— ASSIGNMENT —
Only the lines from the one that contains "- Short Sleeve" through the end of the entries, both included, should be transcribed, exactly and without pictures.

— RECORDS TO USE —
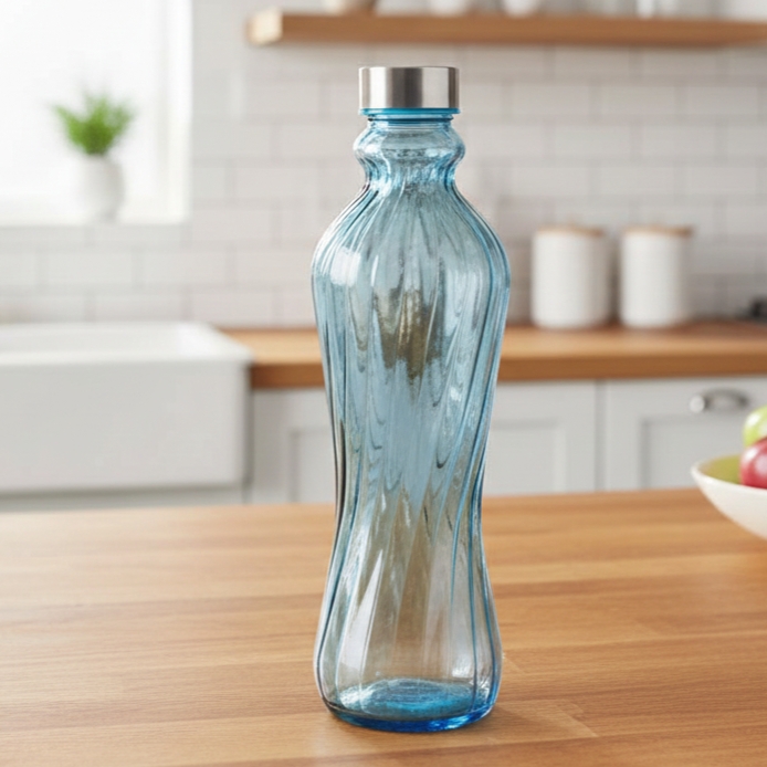 Glass Water Bottle, Blue Glass Spiral Design Round Shape Silver Lid - abdo-201-215
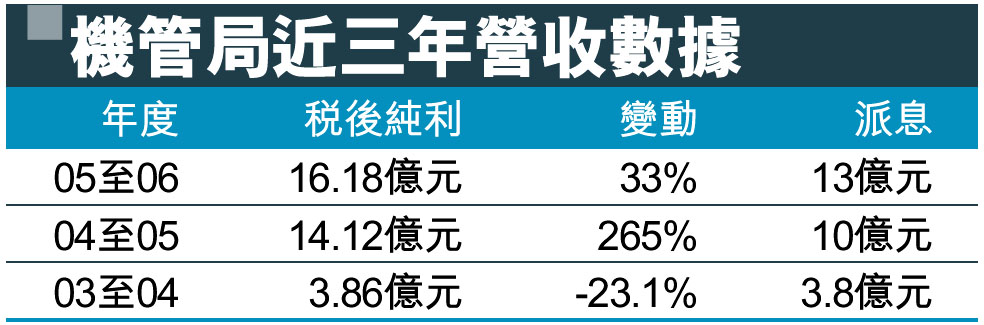 機管局近三年營收數據 (圖)
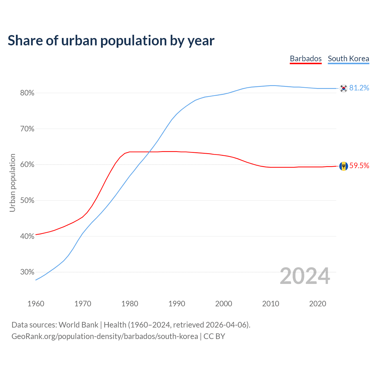 From 2004 to 2024, the share of urban population changed from 61.1% to 59.5% in Barbados and from 81.1% to 81.2% in South Korea.
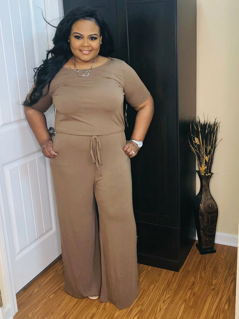 - Short Sleeve Jumpsuit with elastic waist & back keyhole
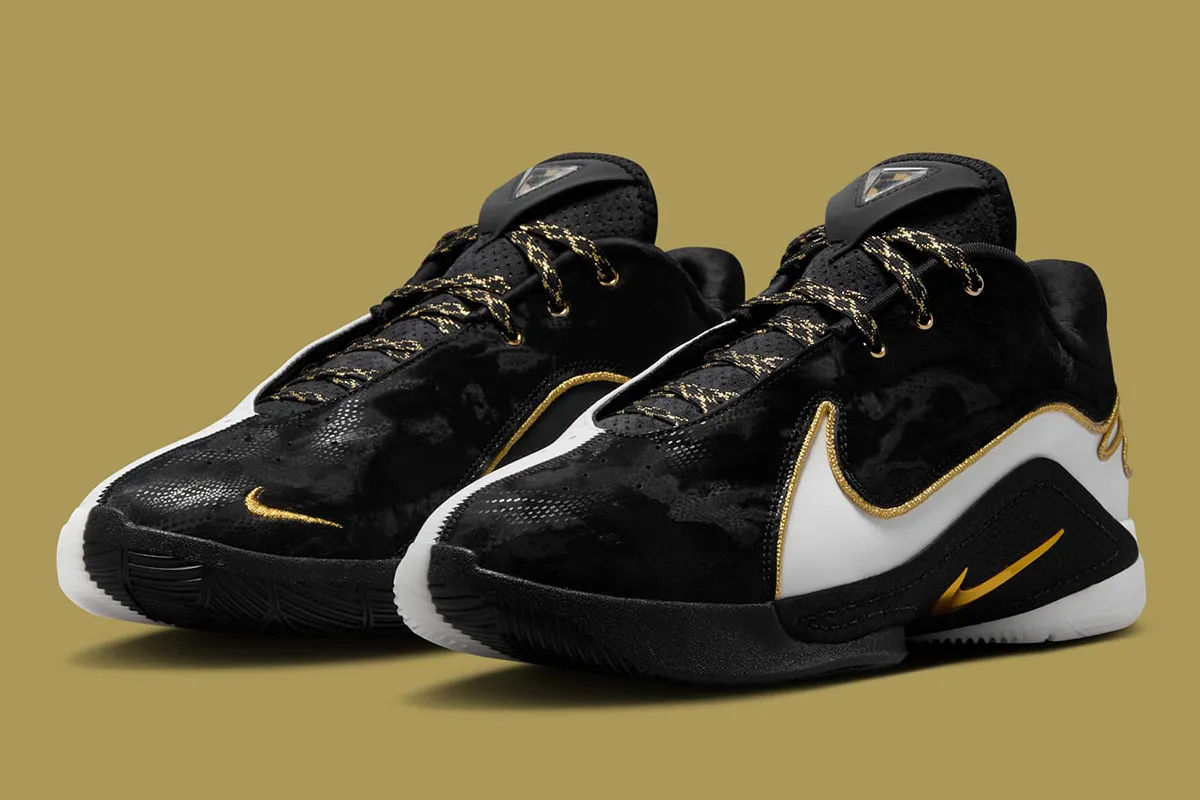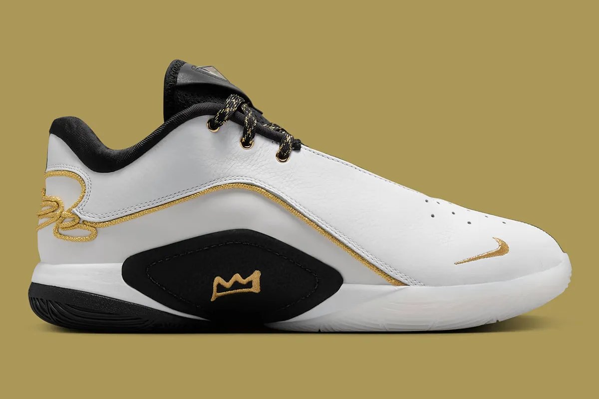 Le modèle s’est encore distingué en étant assorti de coloris marquants comme sa collaboration inattendue avec le jeu de société « Monopoly ». Pour 2025, ce coloris « Mogul » pourrait bien illuminer le mois de janvier avec cette fois un clin d’œil à son ancienne émission « The Shop », en reprenant les couleurs du décor, avec du noir et blanc et des finitions en doré, pour faire ressortir les lacets, les « Swoosh » et dessiner les contours de la virgule figurant sur l’empeigne.

— WRITTEN SOLUTION —
 - Short Sleeve Jumpsuit with elastic waist & back keyhole
 Le modèle s’est encore distingué en étant assorti de coloris marquants comme sa collaboration inattendue avec le jeu de société « Monopoly ». Pour 2025, ce coloris « Mogul » pourrait bien illuminer le mois de janvier avec cette fois un clin d’œil à son ancienne émission « The Shop », en reprenant les couleurs du décor, avec du noir et blanc et des finitions en doré, pour faire ressortir les lacets, les « Swoosh » et dessiner les contours de la virgule figurant sur l’empeigne.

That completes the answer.